[INPUT]
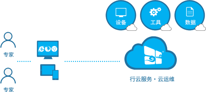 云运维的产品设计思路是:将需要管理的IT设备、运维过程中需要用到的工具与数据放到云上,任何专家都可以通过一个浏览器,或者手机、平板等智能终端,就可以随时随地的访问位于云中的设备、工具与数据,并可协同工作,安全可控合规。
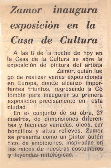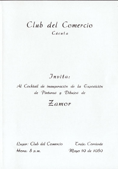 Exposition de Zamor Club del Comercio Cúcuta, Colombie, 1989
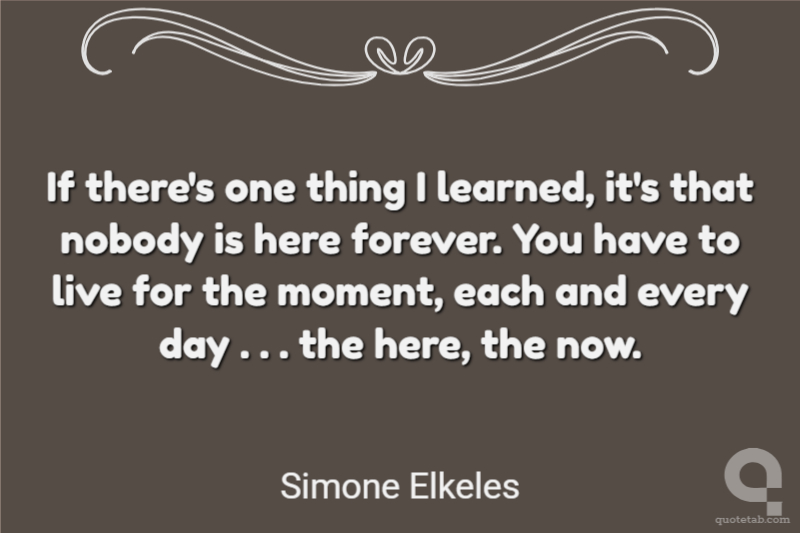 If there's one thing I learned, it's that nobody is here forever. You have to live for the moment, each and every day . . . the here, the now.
[/INPUT]
[INPUT]
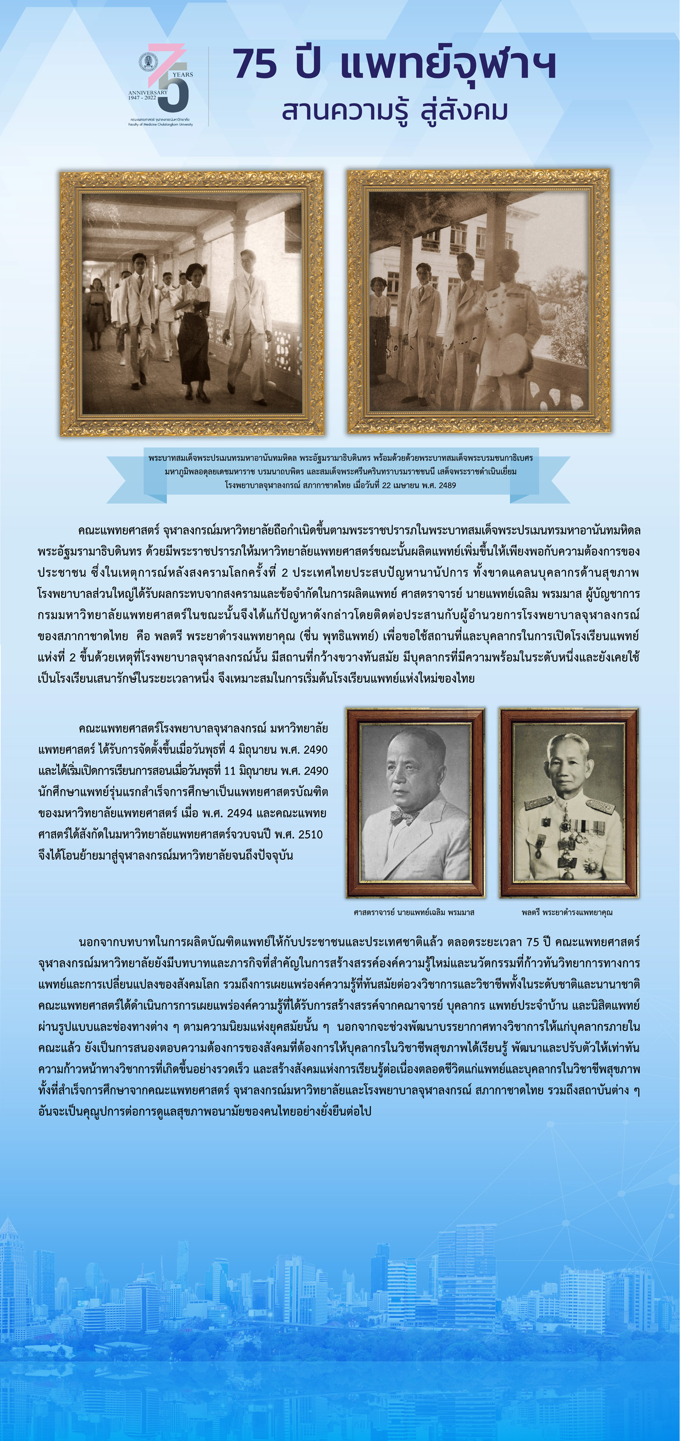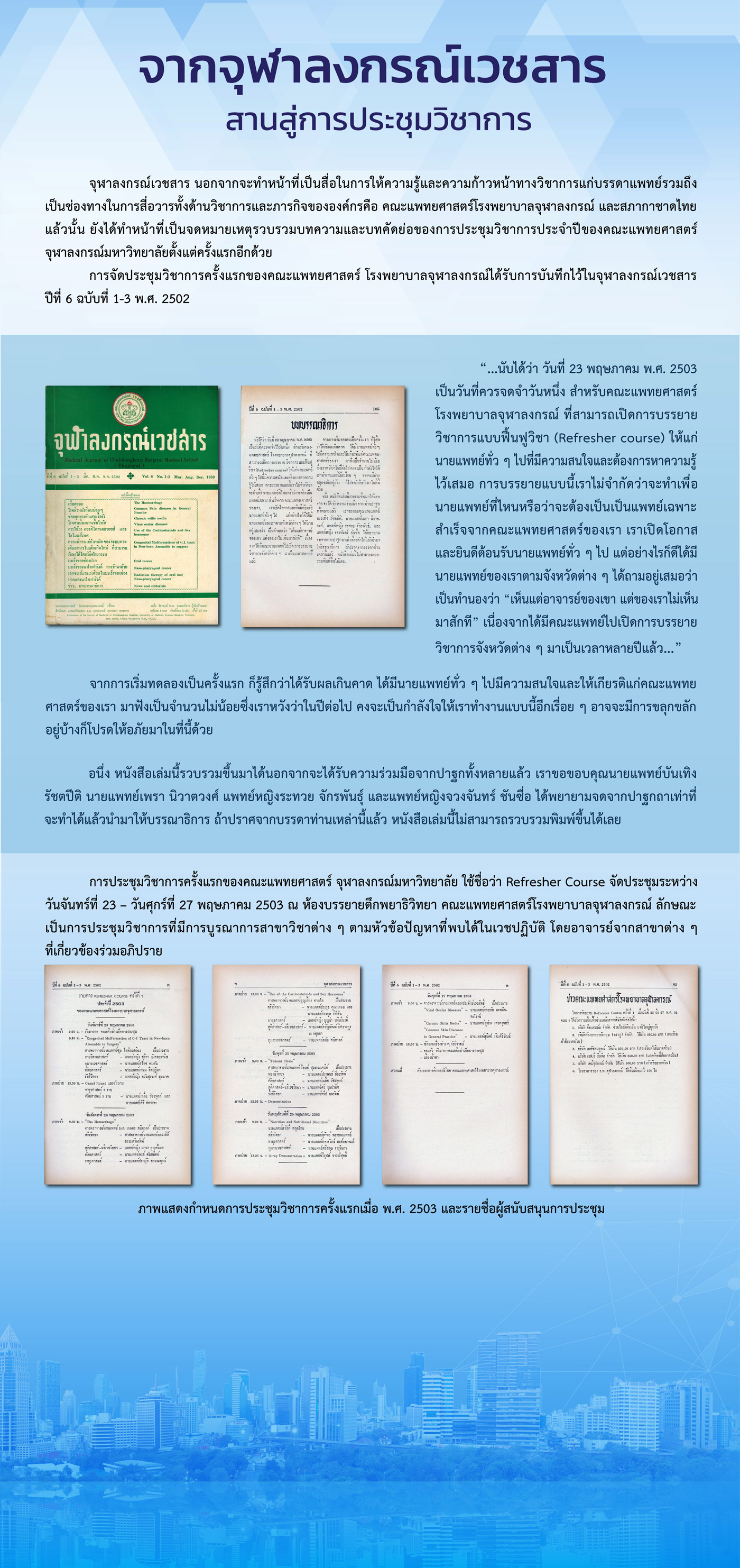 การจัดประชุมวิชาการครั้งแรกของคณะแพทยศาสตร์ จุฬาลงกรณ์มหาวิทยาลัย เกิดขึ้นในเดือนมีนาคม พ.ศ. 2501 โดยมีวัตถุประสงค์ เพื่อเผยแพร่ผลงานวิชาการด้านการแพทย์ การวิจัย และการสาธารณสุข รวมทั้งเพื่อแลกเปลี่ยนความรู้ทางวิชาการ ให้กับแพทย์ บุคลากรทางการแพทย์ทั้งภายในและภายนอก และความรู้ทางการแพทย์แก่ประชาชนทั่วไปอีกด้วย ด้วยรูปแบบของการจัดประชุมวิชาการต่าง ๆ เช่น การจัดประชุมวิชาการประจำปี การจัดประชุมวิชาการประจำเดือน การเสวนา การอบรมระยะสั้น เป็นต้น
[/INPUT]
[INPUT]
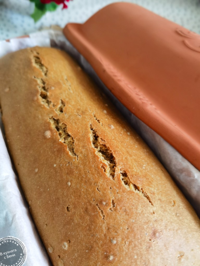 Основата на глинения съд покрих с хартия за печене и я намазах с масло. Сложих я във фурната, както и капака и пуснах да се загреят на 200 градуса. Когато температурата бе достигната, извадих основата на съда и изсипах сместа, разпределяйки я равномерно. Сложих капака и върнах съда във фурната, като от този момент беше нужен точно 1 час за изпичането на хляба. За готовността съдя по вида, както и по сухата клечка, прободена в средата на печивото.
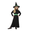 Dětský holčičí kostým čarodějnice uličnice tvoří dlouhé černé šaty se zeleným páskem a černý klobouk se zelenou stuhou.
[/INPUT]
EXERCISE DIRECTIONS:
Look above for the line with "云运维的产品设计思路是:将需" and the line with "If there's one"; set down those two lines and all lines between them exactly, without pictures and without anything else.

SOLUTION TO THE PROBLEM:
 云运维的产品设计思路是:将需要管理的IT设备、运维过程中需要用到的工具与数据放到云上,任何专家都可以通过一个浏览器,或者手机、平板等智能终端,就可以随时随地的访问位于云中的设备、工具与数据,并可协同工作,安全可控合规。
 Exposition de Zamor Club del Comercio Cúcuta, Colombie, 1989
 If there's one thing I learned, it's that nobody is here forever. You have to live for the moment, each and every day . . . the here, the now.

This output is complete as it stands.